Holiday Spirit Made to Order, at $95 an Hour

"Interior designer finds a holiday decorating niche"
Value Added, Tom Heath, Washington Post (December 14, 2009)

"My love for Christmas started when I was a kid in Syracuse, N.Y.

"The holiday was a very big deal in our house. I would go up into the attic and fetch the decorations with my mom. My sister and I would bake Christmas cookies with my aunt Mimi, who lived upstairs in our two-family house. We would gather on a Saturday afternoon before the holiday and put up the Christmas tree. Bing Crosby crooned on the record player.

"Each of us would hang our favorite ornament, some of which my aunt had purchased for us. (I had an angel that went on top of the tree, which will bring some laughs from people who know me.)..."

The column isn't about Mr. Heath's reminiscences: it's about Andrea Hickman of A. Hickman Design. She told the Washington Post columnist:

"...that preserving those traditions can be the toughest part of her Christmas decorating business.

"The family heirlooms may be old and falling apart, but 'I've got to make those things work and make [the client] love them again' so they don't stick out like a sore thumb, said Hickman, who talked to me from her studio as she was preparing to decorate a hall for a big Christmas party at Mary Washington College...."

She doesn't just to Christmas season decorating: that's around $5,000 of her $80,000 or so a year income.

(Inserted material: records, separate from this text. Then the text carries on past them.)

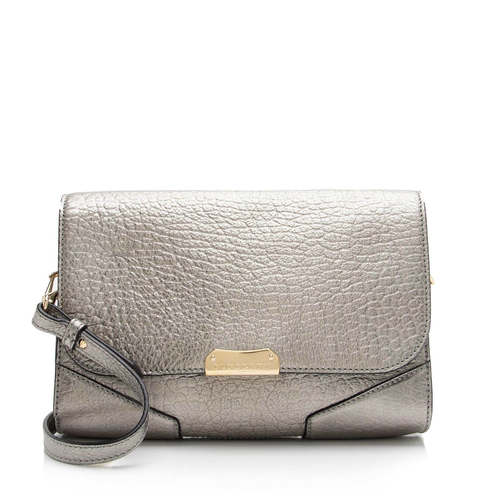 Burberry Metallic Grained Leather Abbott Small Crossbody Bag (SHF-23382)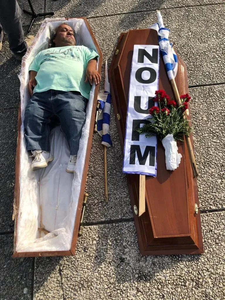 Hugo, un enano que también vino desde Fray Marcos, se metía en el ataúd abierto para que le saquen fotos como si estuviera muerto. Sobre la tapa del féretro había un cartel con letras negras decía "No UPM".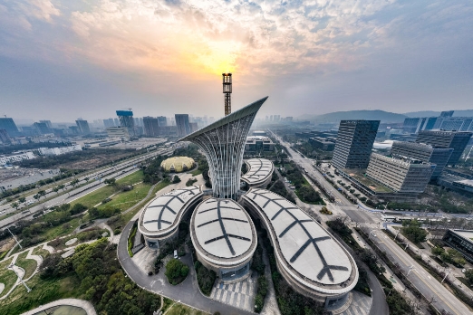 這是2024年3月16日在湖北武漢中國光谷未來科技城拍攝的武漢新能源研究院大樓(無人機照片)。新華社記者 伍志尊 攝

The column gives a pretty good overview of the interior decorating business, with particular attention on the 'fix up other people's homes for Christmas' aspect of the profession.

When Hickman's on the clock, she charges $95 an hour. Jobs range, we're told, from about $500 for an afternoon's advice to $10,000 for a week of making a mansion or office look good for Christmas. We also find up that a 30 percent markup from wholesale is an industry standard for decor items.

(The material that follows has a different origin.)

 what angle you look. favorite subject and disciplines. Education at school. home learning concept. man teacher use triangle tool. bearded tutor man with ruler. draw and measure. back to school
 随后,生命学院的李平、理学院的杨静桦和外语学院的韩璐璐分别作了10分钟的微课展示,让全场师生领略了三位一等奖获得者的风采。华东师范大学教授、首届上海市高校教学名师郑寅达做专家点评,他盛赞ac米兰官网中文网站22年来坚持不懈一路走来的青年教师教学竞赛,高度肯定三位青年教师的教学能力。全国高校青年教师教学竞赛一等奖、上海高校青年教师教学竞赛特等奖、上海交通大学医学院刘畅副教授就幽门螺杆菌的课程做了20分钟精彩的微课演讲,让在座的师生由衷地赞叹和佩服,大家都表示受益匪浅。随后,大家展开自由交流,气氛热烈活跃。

We get a (very short) look at what pointed her toward interior decoration as a career, and how she got started.

I'd never pay someone $500 to tell me how to make my home look good. let alone $10,000. But, hey: if someone has that kind of money, and lacks either time, energy, or ability to do the job, why not?

One thing I've learned is that not everybody lives the same way. Take "family heirlooms," for example. One of ours is an iron-bound wooden chest that carried one set of my ancestors' worldly possessions across the Atlantic in the second ship they tried. The first ship sprang a leak or something - but that's another story. The lock hasn't worked for about a generation, but we've got the pieces, and if it's needed someday, we'll fix it. Meanwhile, it's a practical storage locker: a serviceable, fairly rugged item. And currently assigned to the household of one of my daughters.

But that's us. We're of the class that might work for some of Hickman's clients. But that's another topic.

Bottom line? This is a pretty good article: a little nice holiday sentiment; a peek inside a specialized profession; and a look at one facet of American culture.